SUPPLIED DATA:
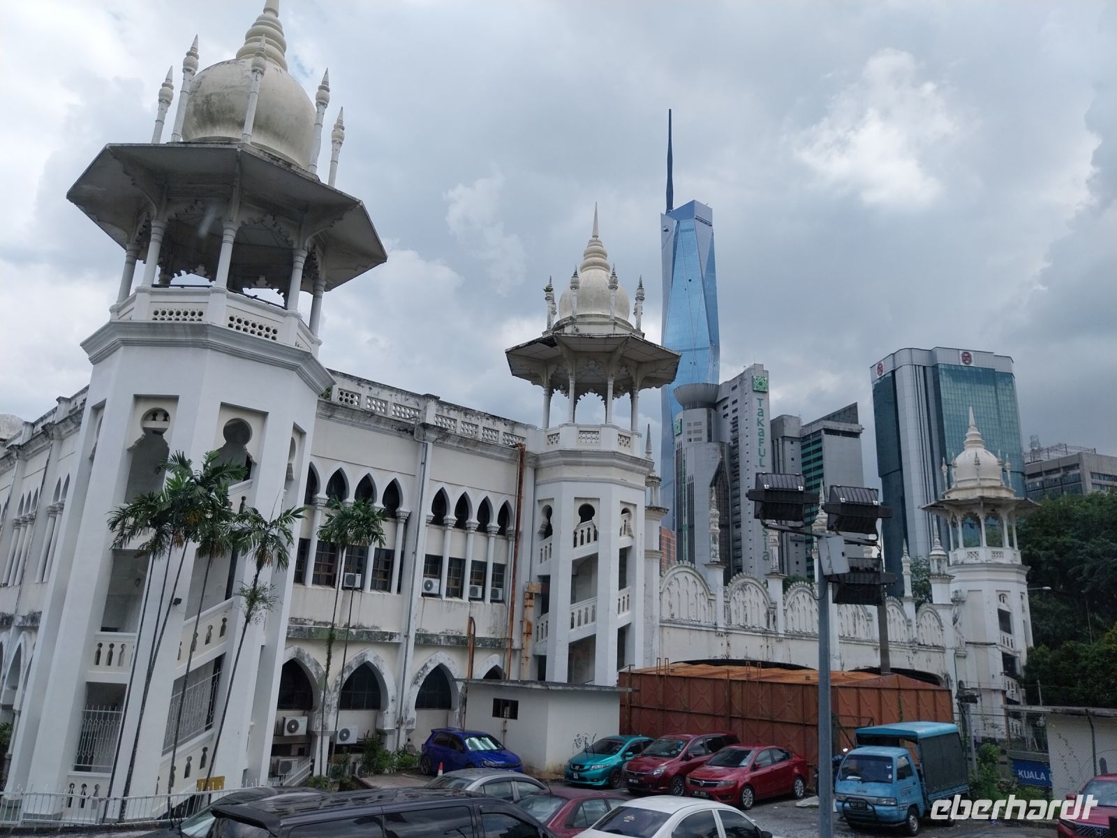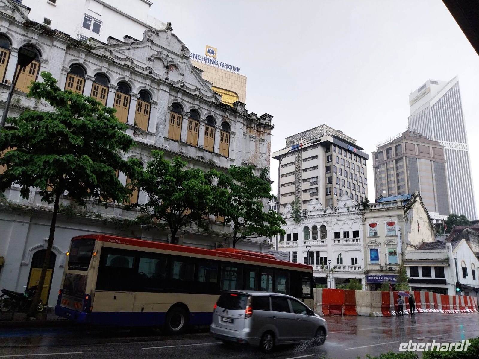 Wir sehen den hinduistischen Sri Maha Mariammam und taoistischen Sin Sze Si Ya Tempel. Außerdem sehen wir noch einige Häuser aus der Kolonialzeit. Da der Regen leider immer stärker wird, stellen wir uns anfangs unter und lassen uns schließlich vom Bus abholen, welcher uns zu den Petronas Towers bringt.
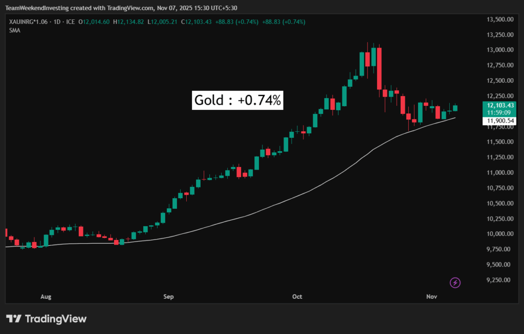 In commodities, Gold is stabilizing at the current rate of 12,103 per gram, up 0.74% for the day.
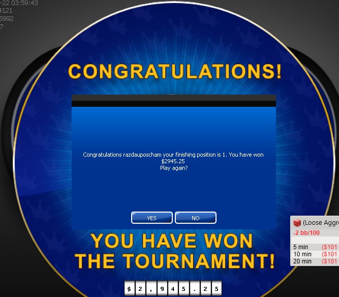 Для достижения целей необходимо регулярно играть, усиливая свою игру. Если в задротстве мне еще можно позавидовать, то в усилении игры врядли. Мне кажется я завис на уровне игры регов полугодовой-годичной давности вторичных румов. Однако я все же рег, и от этого буду отталкиваться.
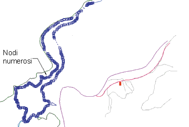 Quando si utilizza Semplifica oggetti, le polilinee complesse vengono semplificate rimuovendo tutti i nodi interni compresi nella larghezza di tolleranza specificata. I segmenti di polilinea che rientrano nello stessa tolleranza di approssimazione vengono generalizzati in una singola polilinea. I punti di ramificazione, i vicoli ciechi e i punti finali delle polilinee non vengono generalizzati.
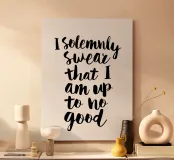 Scatenate il birichino che c'è in voi con la nostra incantevole stampa tipografica "Giuro solennemente che non sto combinando niente di buono". Questa frase iconica di Harry Potter, resa in una giocosa scritta nera disegnata a mano su un nitido sfondo bianco, cattura lo spirito di avventura e di magica malizia. Perfetto per i Potterhead e per i burloni, questo disegno versatile aggiunge un tocco di stravaganza magica a qualsiasi stanza. Disponibile su diversi prodotti, è un regalo ideale per i fan di tutte le età. Lasciate che questa affascinante stampa vi ricordi ogni giorno di abbracciare il vostro lato avventuroso e di essere sempre pronti per un po' di magico caos.
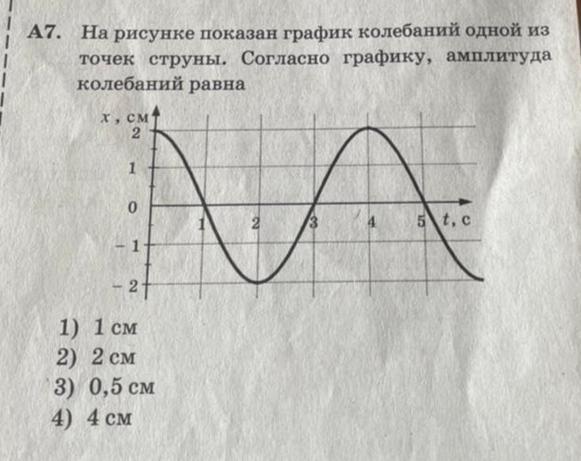 это видно по рисунку, 2см сверху и 2см снизу, значит максимальная амплитуда 4 см
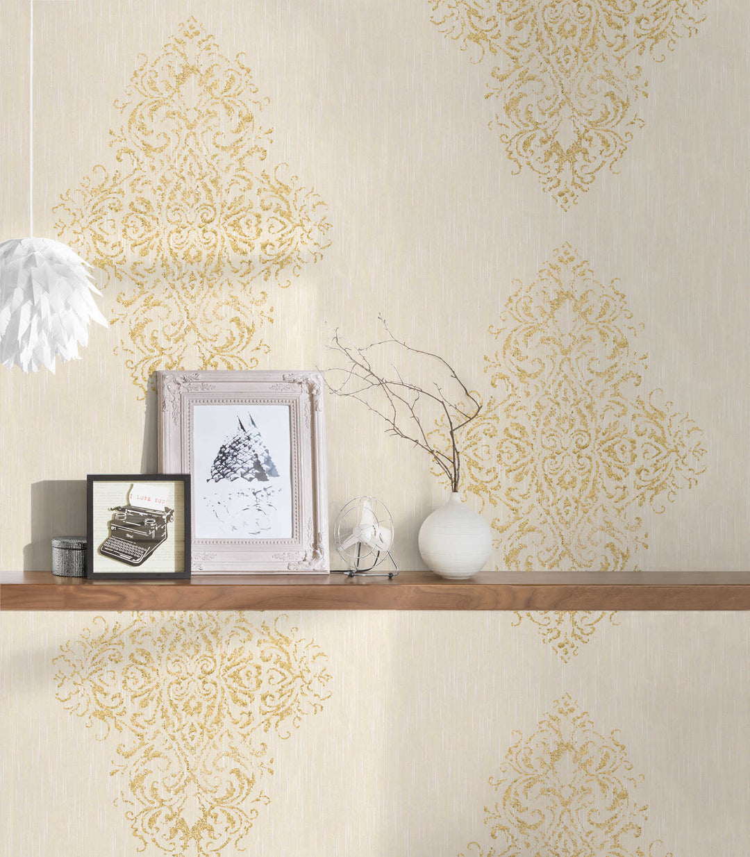 Tekstilės tapetai su aukso ornamentu smėlio spalvos fone, 1157734
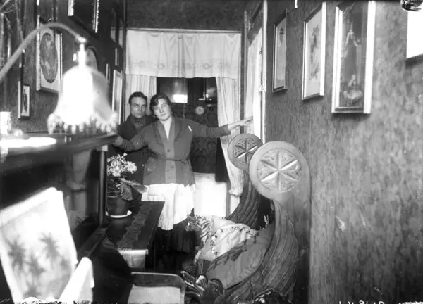 Interiør, ektepar i ettromsleilighet, ant. møblert gang, i Det Rivertzske kompleks, Sagene (bygget fra 1912 ved ark. Kristen T. Rivertz og "A/S Kristiania Byggeselskap for Småleiligheter"). Fra boliginspektør Nanna Brochs boligundersøkelser i Oslo 1920-årene.
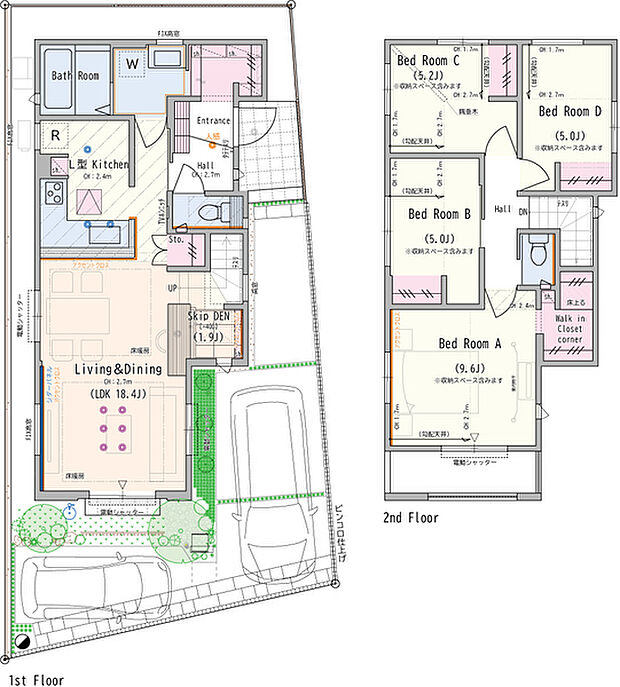 間取り 4LDK+土間クローク+2ウォークインクロゼットコーナー ~ 4LDK+SKIP DEN+ウォークスルー土間クローク+ウォークインクロゼットコーナー 建物階 木造2階建(2×4工法)
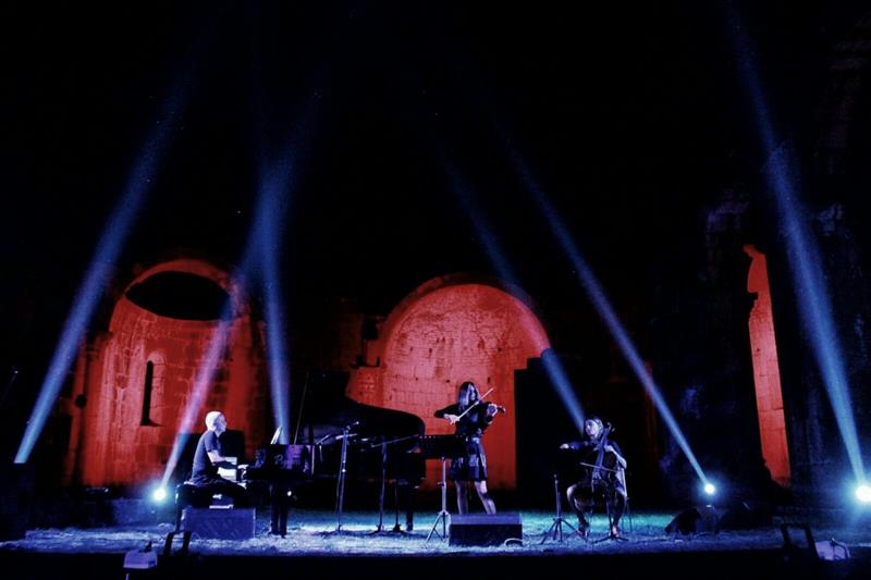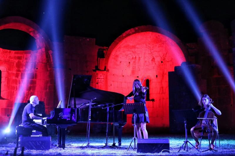 Nella serata del 25 agosto la Chiesa Incompiuta, illuminata da luci scenografiche, si è trasformata in un luogo magico dove ascoltare musica di qualità, da quella del pianista compositore lucano Rocco Mentissi, che ha presentato tre suoi brani originali, alle grandi colonne sonore che hanno fatto la storia del cinema degli ultimi decenni, eseguite dal trio Kinéma. L’ensemble, composto da Roberto Jonata al pianoforte, Gilda Urli al violino, Francesca Favit al violoncello, nell’atmosfera unica creata dalla suggestiva cornice, ha offerto ad un pubblico di oltre cinquecento persone un avvincente viaggio nelle musiche da film composte da autori del calibro di Hans Zimmer, Lalo Schifrin, Michael Nyman, Wim Mertens, Ryuichi Sakamoto, utilizzate per celebri pellicole come “Il gladiatore”, “Mission impossible”, “Pearl Harbor”, “Il gladiatore”, “Pirati dei Carainbi”, “L’ultimo samurai”, “Lezioni di piano”, “Profondo rosso” e molte altre ancora.
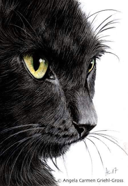 ![Черный кот рисунок карандашом]()
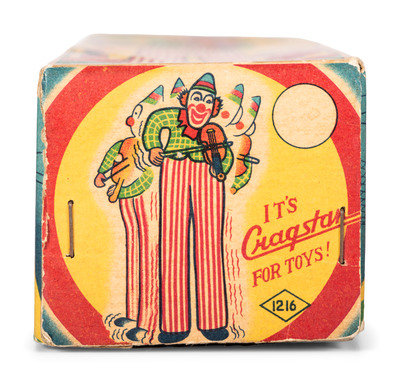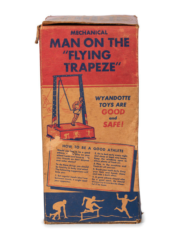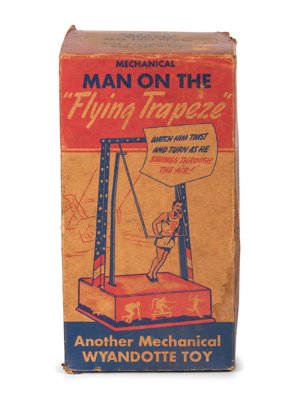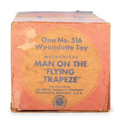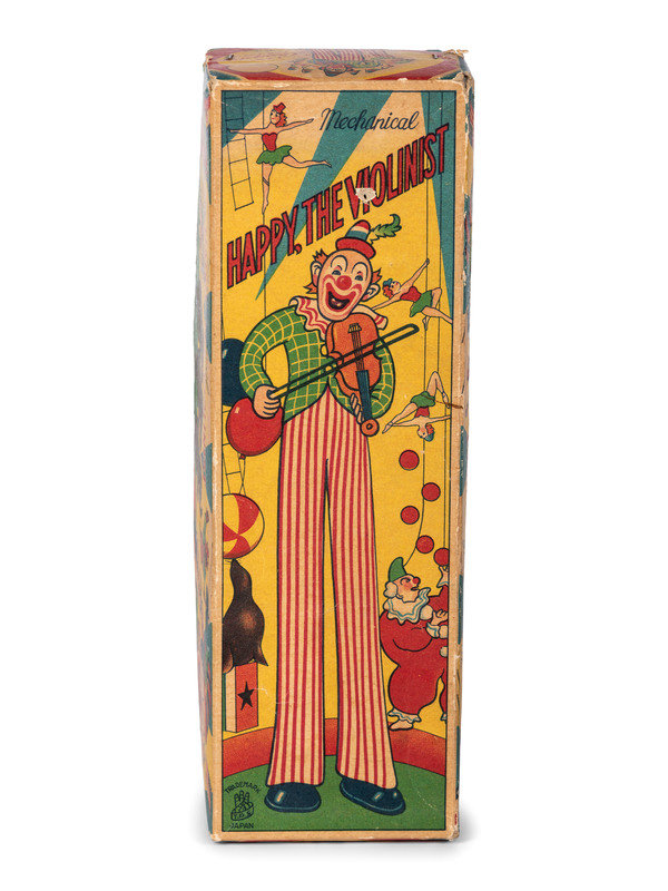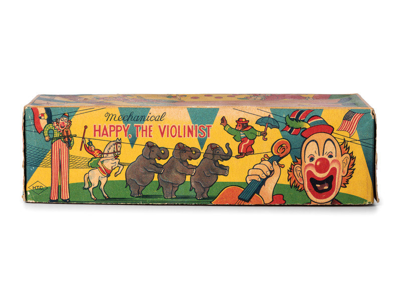 comprising a US Metal Toy Co. noise maker, a Marx windup skating clown, a Wyandotte tin trapeze toy with box, a Japanese 'Happy the Violinist' windup toy with box, a clown and cart windup toy, and a Marx 'Musical Circus Horse' pull toy.
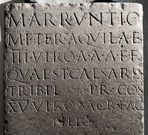 - M(arco) Arruntio / M(arci) f(ilio) Ter(etina) Aquilae / IIIviro a(ere) a(rgento) a(uro) f(lando) f(eriundo) / quaest(ori) Caesaris / trib(uno) pl(ebis) pr(aetori) co(n)s(uli) / XVviro sacr(is) fac(iundis) / filio
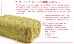 Slow feeding is a term that’s much more widely understood and accepted now than it was even a few years ago. With more products and information becoming available on slow feeding systems, many horse owners are realizing it makes good sense and giving it a try.

TASK DIRECTIONS: Starting from the line that contains "кот рисунок карандашом]()", transcribe exactly each line down to the final line of the material above, excluding every picture and adding nothing else.

YOUR RESPONSE:
 ![Черный кот рисунок карандашом]()
 comprising a US Metal Toy Co. noise maker, a Marx windup skating clown, a Wyandotte tin trapeze toy with box, a Japanese 'Happy the Violinist' windup toy with box, a clown and cart windup toy, and a Marx 'Musical Circus Horse' pull toy.
 - M(arco) Arruntio / M(arci) f(ilio) Ter(etina) Aquilae / IIIviro a(ere) a(rgento) a(uro) f(lando) f(eriundo) / quaest(ori) Caesaris / trib(uno) pl(ebis) pr(aetori) co(n)s(uli) / XVviro sacr(is) fac(iundis) / filio
 Slow feeding is a term that’s much more widely understood and accepted now than it was even a few years ago. With more products and information becoming available on slow feeding systems, many horse owners are realizing it makes good sense and giving it a try.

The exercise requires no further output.